:: Exercise prompt ::
Each line from the one with "클 것으로 보인다. |" through the last line of the material is to be printed exactly; no other line and no picture belongs in the copy.

:: Information provided ::
--- START ---

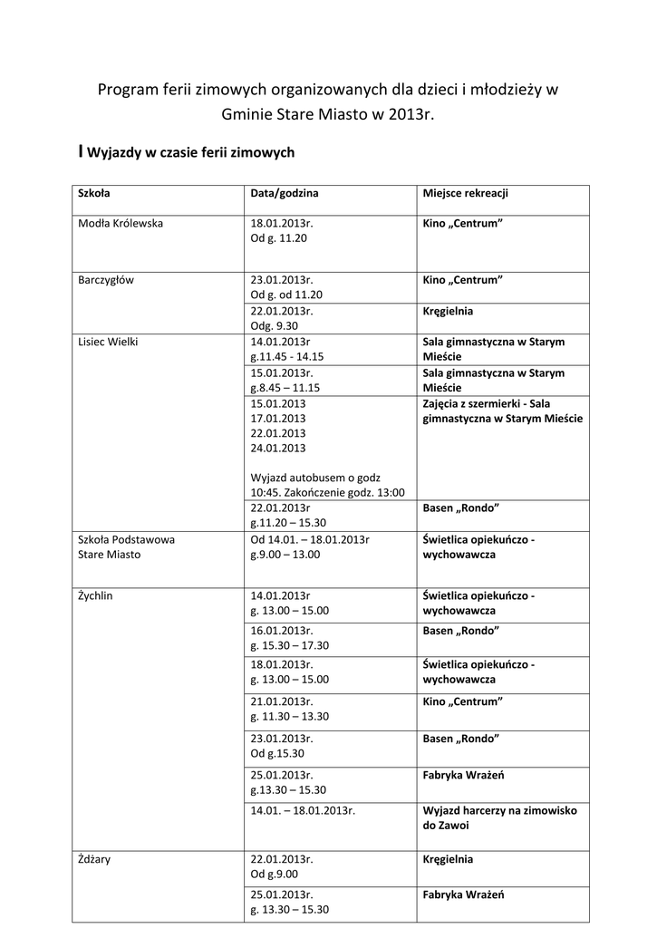 Program ferii zimowych organizowanych dla dzieci i młodzieży w Gminie Stare Miasto w 2013r. I Wyjazdy w czasie ferii zimowych Szkoła Data/godzina Miejsce rekreacji Modła Królewska 18.01.2013r. Od g. 11.20 Kino „Centrum” Barczygłów 23.01.2013r. Od g. od 11.20 22.01.2013r. Odg. 9.30 14.01.2013r g.11.45 - 14.15 15.01.2013r. g.8.45 – 11.15 15.01.2013 17.01.2013 22.01.2013 24.01.2013 Kino „Centrum” Lisiec Wielki Szkoła Podstawowa Stare Miasto Żychlin Żdżary Wyjazd autobusem o godz 10:45. Zakończenie godz. 13:00 22.01.2013r g.11.20 – 15.30 Od 14.01. – 18.01.2013r g.9.00 – 13.00 Kręgielnia Sala gimnastyczna w Starym Mieście Sala gimnastyczna w Starym Mieście Zajęcia z szermierki - Sala gimnastyczna w Starym Mieście Basen „Rondo” Świetlica opiekuńczo wychowawcza 14.01.2013r g. 13.00 – 15.00 Świetlica opiekuńczo wychowawcza 16.01.2013r. g. 15.30 – 17.30 Basen „Rondo” 18.01.2013r. g. 13.00 – 15.00 Świetlica opiekuńczo wychowawcza 21.01.2013r. g. 11.30 – 13.30 Kino „Centrum” 23.01.2013r. Od g.15.30 Basen „Rondo” 25.01.2013r. g.13.30 – 15.30 Fabryka Wrażeń 14.01. – 18.01.2013r. Wyjazd harcerzy na zimowisko do Zawoi 22.01.2013r. Od g.9.00 Kręgielnia 25.01.2013r. g. 13.30 – 15.30 Fabryka Wrażeń
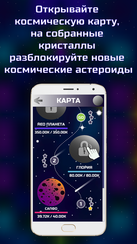 - Открывайте космическую карту, на собранные кристаллы разблокируйте новые космические астероиды и планеты.
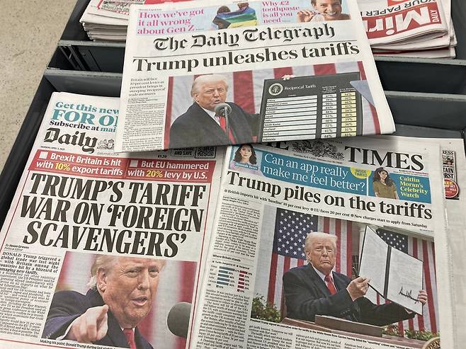 | ▲ 트럼프의 관세 정책을 1면 기사로 다룬 영국 신문들. 관세를 피하기 위해 기업들이 대거 생산기반을 미국으로 이전할 경우 한국내 일자리와 산업 경쟁력에 미치는 충격이 클 것으로 보인다. |
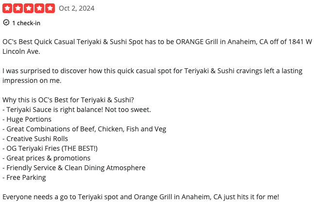 According to the ratings left on Yelp, Orange Grill Teriyaki & Rolls stands at a 4.8 out of 5 stars rating on 49 reviews. Let’s look at two of their most recent reviews.

--- END ---

:: Completed task ::
 | ▲ 트럼프의 관세 정책을 1면 기사로 다룬 영국 신문들. 관세를 피하기 위해 기업들이 대거 생산기반을 미국으로 이전할 경우 한국내 일자리와 산업 경쟁력에 미치는 충격이 클 것으로 보인다. |
 According to the ratings left on Yelp, Orange Grill Teriyaki & Rolls stands at a 4.8 out of 5 stars rating on 49 reviews. Let’s look at two of their most recent reviews.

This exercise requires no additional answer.